Слышалась мелодия весеннего города, сотканная из шагов, гудков, голосов, из шума пока обнажённых ветвей, звона проводов в пальцах ветра, из пения птиц, из лая собак, с наслаждением бегущих за автомобилями, что выехали из арки двора. Музыка, где каждая нота исполнялась необычным инструментом, собранным из частичек привычного шума.

Я растворялся в этой реальности, переставая ощущать себя самое, чтобы прочувствовать весь город, все удалённые уголочки, центр, каждую улочку, каждый парк, сквер и бульвар.

Чтобы увидеть за всем этим, а точнее, над всем этим великолепное море, невероятное, не имеющее границ.

Я был бесконечно влюблён.

***

К ночи, когда я уже проводил закатное солнце, прохлада всё же пробралась и в сердце. Теперь я стоял на площади и всматривался в темноту небес, будто выискивая в ней ответ.

Мне снова чудилось, виделось, мнилось и шепталось море. Пойманное в апреле, скованное весной, оно силилось проснуться и в полную силу развернуться там, где некогда пребывало.

Влюблённый, я никак не мог разобраться, кому отдал сердце – океанская ли волна, апрельский ли город это?

Прикрыв глаза, я наконец-то отрешился от всего, представил себя в тишине и мраке, чтобы рассмотреть получше, что выросло в глубине души.

***

– Вы – очарованный странник, – её фигура вышагнула из мрака, высветилась, будто сплелась из мельчайших сияющих точек.

– Влюблённый. Сегодня, – поправил я, решая про себя, её ли вообще искал.

– И это тоже, – теперь можно было разобрать в ней древнее существо, спрятавшееся за привлекательной и невинной оболочкой. Однако интуиция ничуть не взвилась, а спала где-то на дне меня самого. Неужели никакой угрозы?
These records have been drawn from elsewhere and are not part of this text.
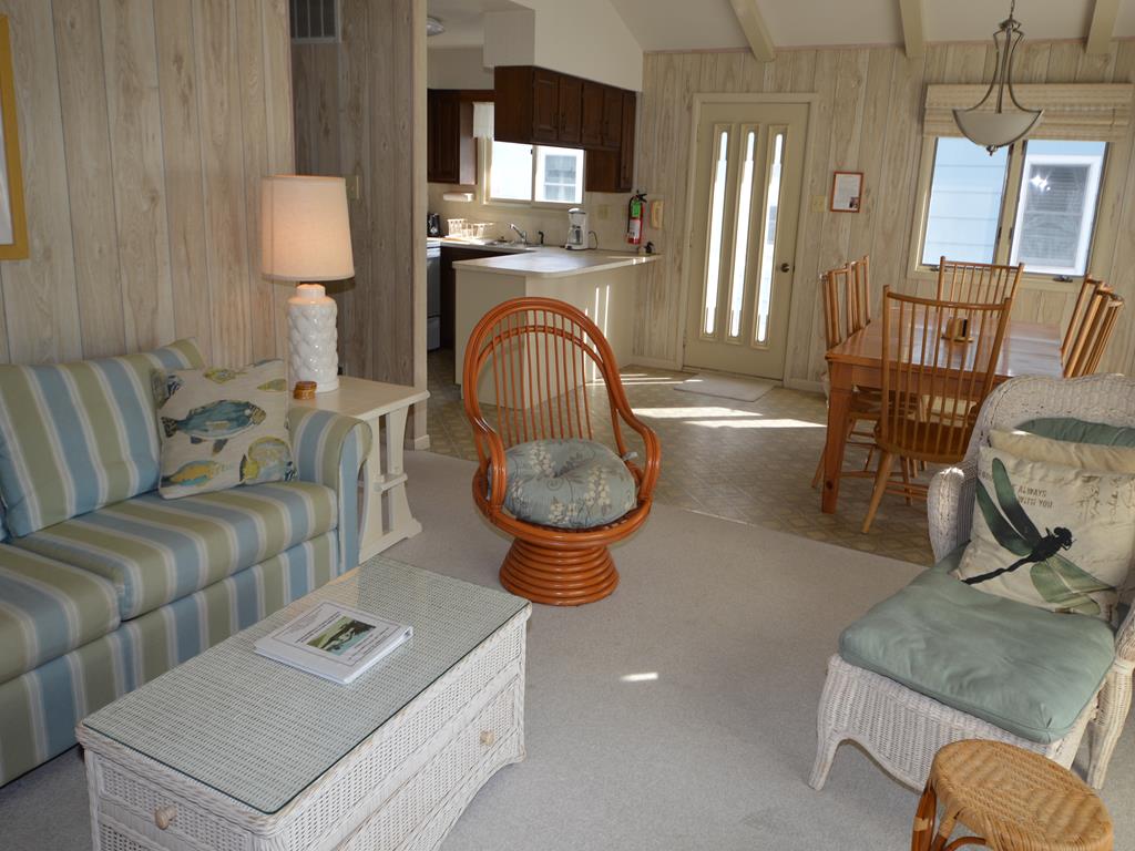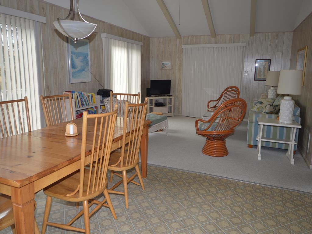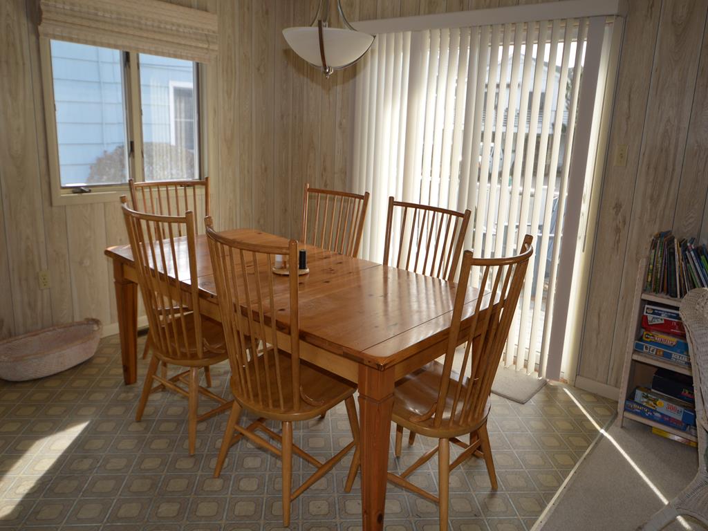 Friday to Friday rental property. This cute, cozy seashore home has three bedrooms and 2 bathrooms. Enjoy morning coffee or relax after a day at the beach on the wrap-around deck that features a picnic table seating 8 and Adirondack chairs. The living area opens onto the deck and includes a dining room and living room. No worries, Wi-Fi and an HDTV are also available. A bedroom suite has a queen bed and bathroom with a walk-in shower. There is another bedroom with a queen bed and the third has twin beds. A laundry room with a washer and dryer has access to the deck and backyard. More conveniences include an outside shower, a gas grill
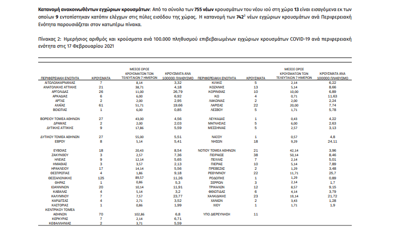Τα στοιχεία που παρουσιάζονται αφορούν περιστατικά από την επιδημιολογική επιτήρηση της νόσου από το νέο κορωνοϊό (COVID19), με βάση τα δεδομένα που έχουν δηλωθεί στον ΕΟΔΥ και καταγραφεί μέχρι τις 17 Φεβρουαρίου 2021 (ώρα 15:00).
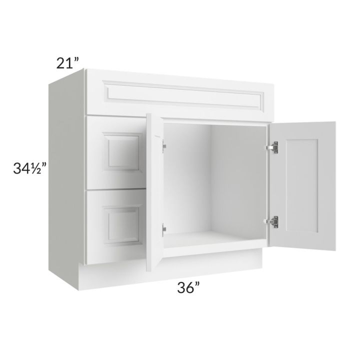 Bathroom vanity that has 2 doors on the right, 1 fake drawer front on top, and 2 drawer on the left.
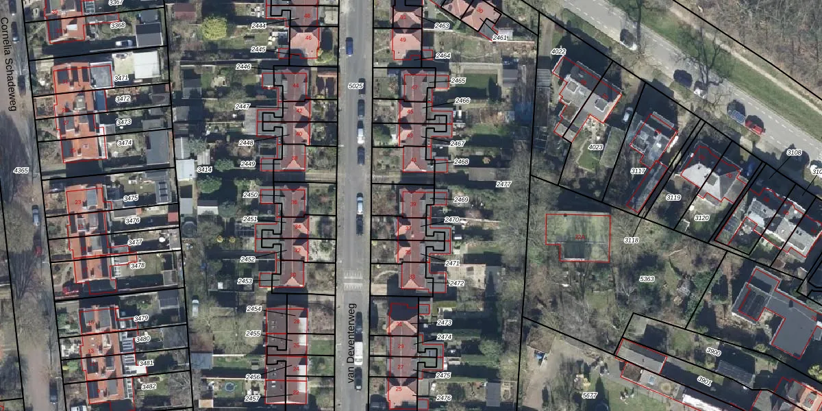 van Deventerweg 39 is gelegen op kadastraal perceel OTB00C2469. Deze kadastrale aanduiding is uniek en wordt gebruikt door het Kadaster om eigendomsrechten en andere zakelijke rechten vast te leggen. Het perceel maakt onderdeel uit van de kadastrale gemeente Oosterbeek.
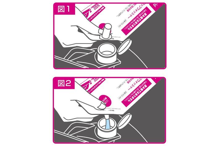 3)注ぎ口をウォッシャータンクに向け、●印から指をゆっくりと離して注ぎ入れてください。液がこぼれないように注意してください。(図2)
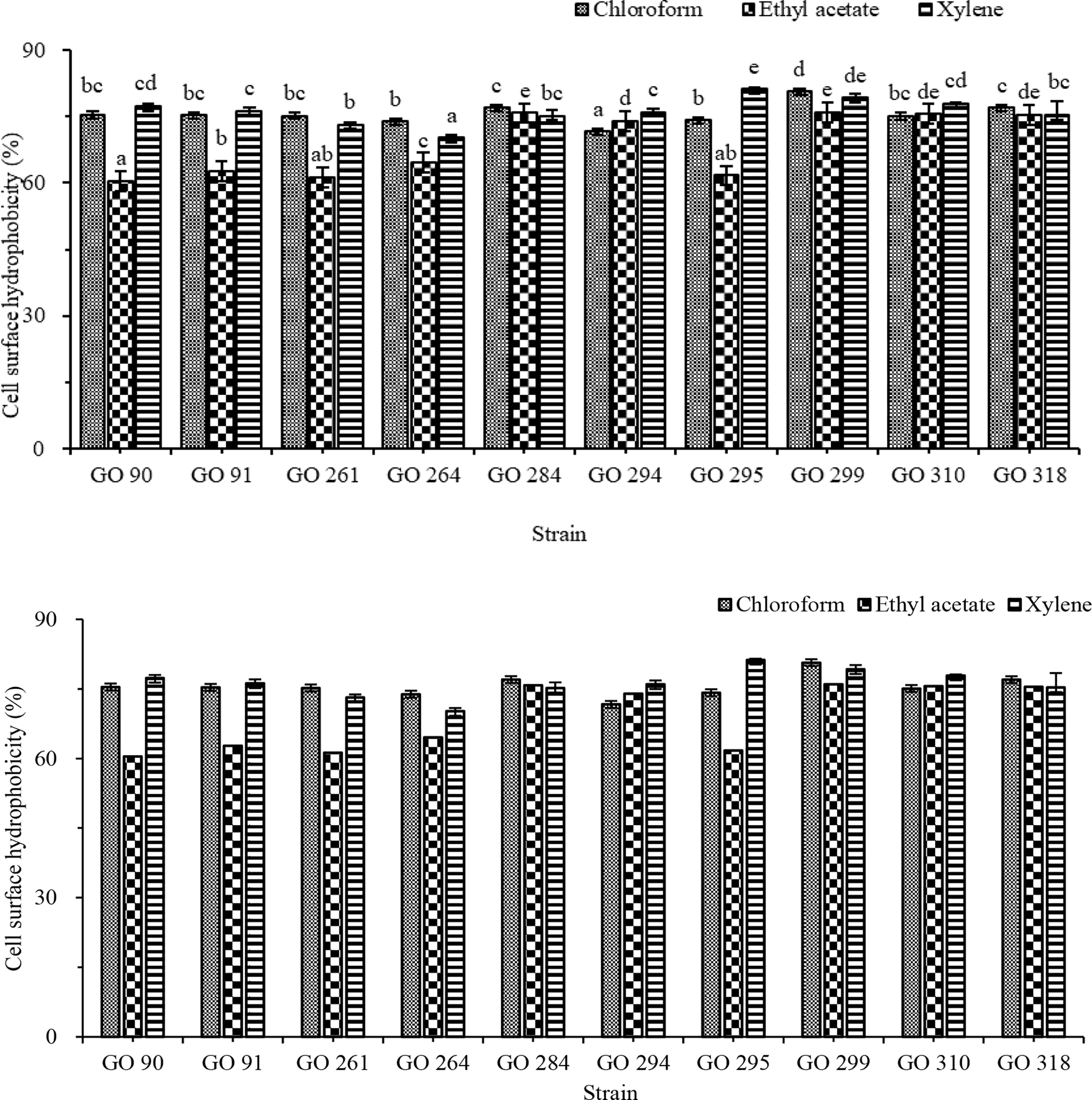 The assay of bacterial cell surface hydrophobicity test was carried out according to (Kavitha et al., 2018; Govindaraj et al., 2021) and slightly modified. Briefly, three organic solvents (xylene, chloroform, and ethyl acetate) were used to detect the surface hydrophobicity of selected isolates. Then 1 mL of isolate samples was evenly mixed with 200 µL solvent and kept at room temperature for 30 min, and the absorbance of upper suspension was measured at 600 nm. The bacterial cell surface hydrophobicity is defined as:
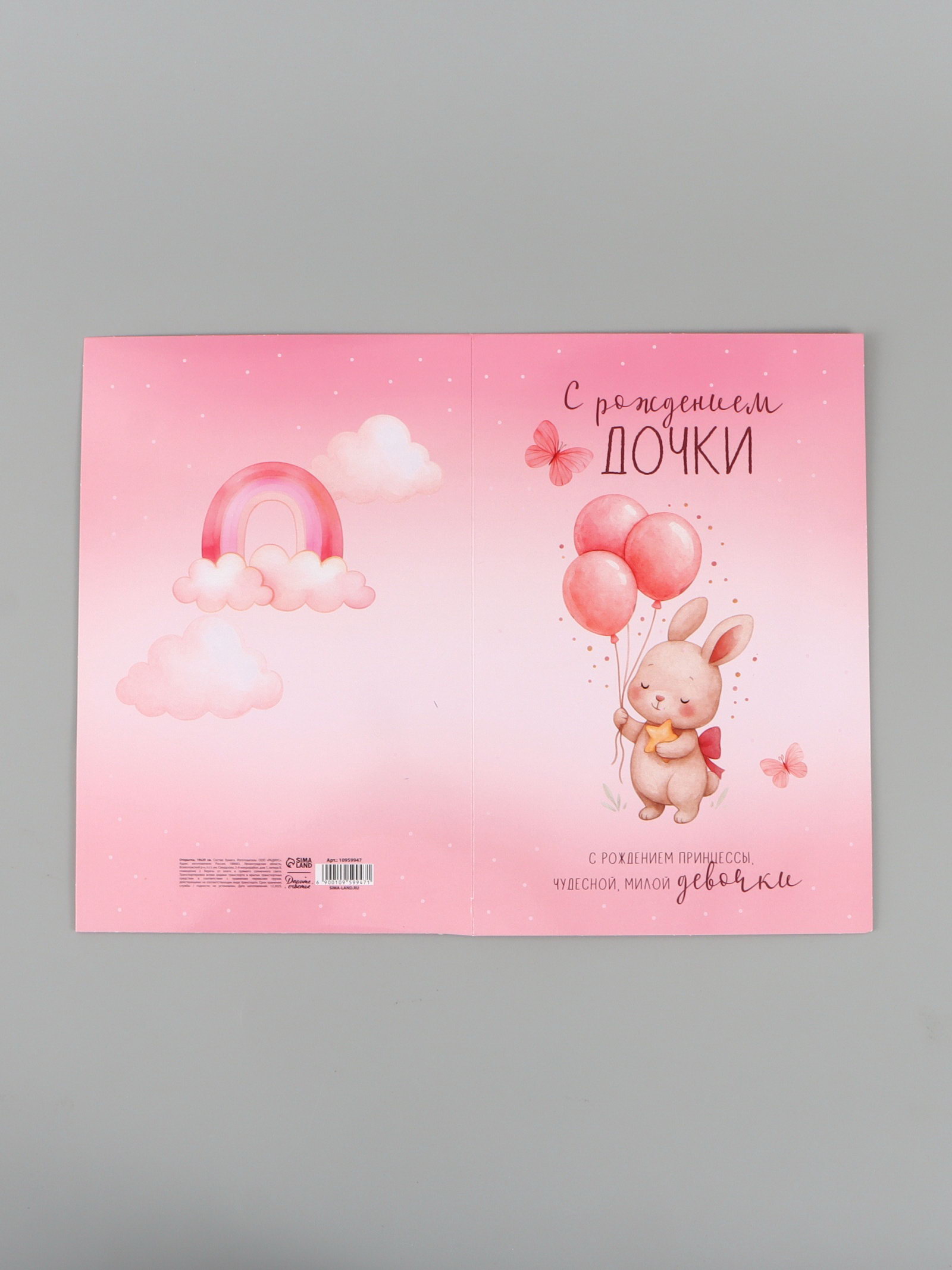 Размер упаковки: 19 x 29 x 0.2 см. tnved: 4909000000 Форма: Стандарт Размер: Большой (от 22 см) см Особенности: С держателем Отделка: Без отделки Тематика праздника: Рождение ребёнка Для кого: Для девочки | ||
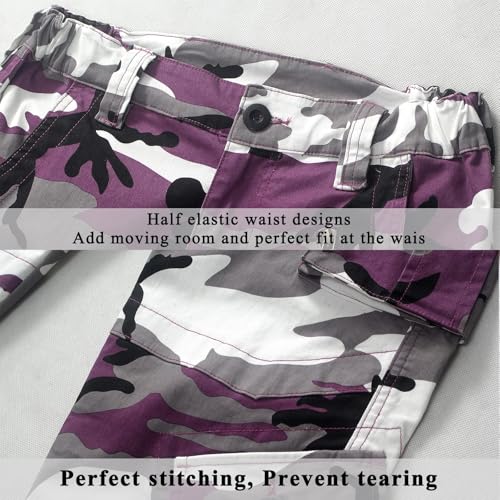 Women's Cotton Casual Military Army Cargo Combat Work Pants with 8 Pocket, Purple Camo, 12
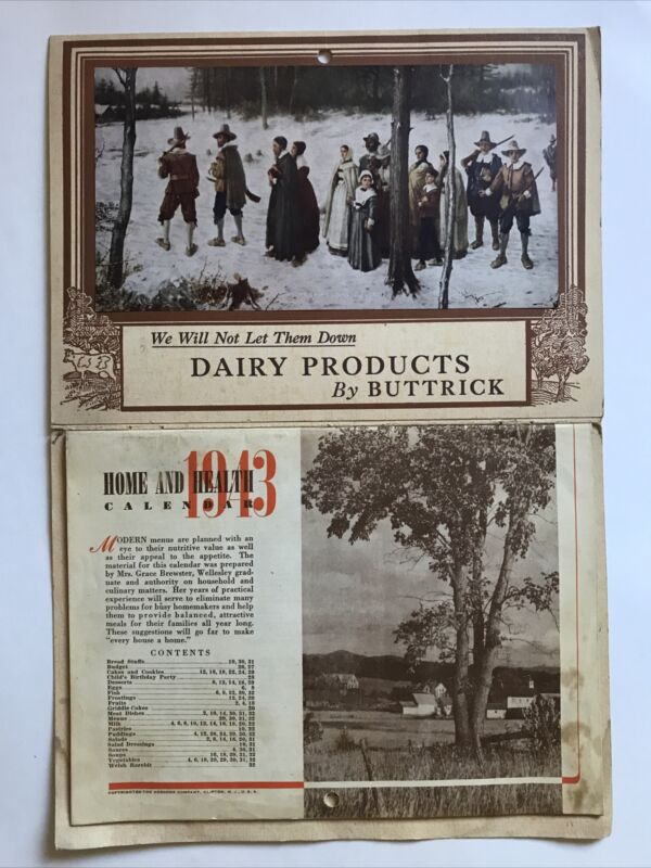 Title (ebay affiliate link): Vintage Home Health Buttrick Dairy Products Calendar 1943 WWII
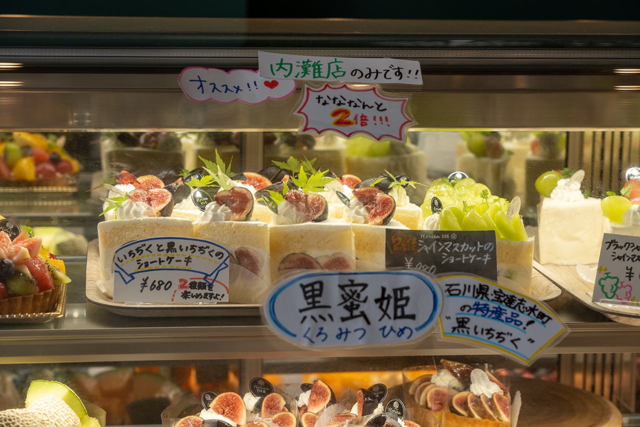 内灘店限定で、シャインマスカットといちじくを通常の2倍使ったケーキも販売されています。(※販売しているケーキの種類は季節やその日の仕入れによって異なるそうです)

– Отчего вы решили заговорить со мной? – спросил я.

– Никак не могу решить, – она обвела ладонью городские постройки, и тут же мы оказались на островке два на два шага, на осколке скалы, запертом в сердце океана, – что следует оставить, а что – убрать? Подскажите, странник?

– Я и сам не могу выбрать, – улыбнувшись, я развёл руками. – Познакомившись с городом, я нашёл за ним океан. И оба они заняли по кусочку сердца.

– Да… Да, я понимаю, – она погрустнела. – Однако мир мой кажется мне незаконченным. Потому-то здесь всегда лишь апрель. Потому каштанам на центральном проспекте никогда не зацвести. И морю, моему океану, никогда не занять всё до самого горизонта…

– Одно вложено в другое и тесно сплелось, – согласился я. – Но разве в этом не прелесть?

– В незавершённости?

– В слиянии.

Она замолчала надолго, то ли осмысляя, то ли решив, что советы странника и его рассуждения никакого внимания не стоят.

Внутри меня прогорала влюблённость. Я смотрел на то, как пламя становится всё скромнее, пока и вовсе не исчезает. Это было и печально, и радостно, ведь поймавшее меня незначительное чувство на самом деле мешало другим.

– Слияние, – повторила она. – Это ты полюбил?

– Некогда, – кивнув, я услышал, что моя дверь собралась из осколков звёзд, замирая позади.

– Что ж, это повод для размышлений, – и она чуть улыбнулась. – Уходи, странник, мне нужно сделать уборку.

Послушавшись, я сделал шаг, не оборачиваясь к ней спиной. Я чувствовал дверь, не было нужды всматриваться в неё.

Острый приступ любви исчез в тот миг, когда я перешагнул порог.

Или остался со мной, скрывшись в воспоминаниях о городе, который был морем, об океане, который всегда жил над ним, о творящей мир, что решилась сплести вместе и то и другое.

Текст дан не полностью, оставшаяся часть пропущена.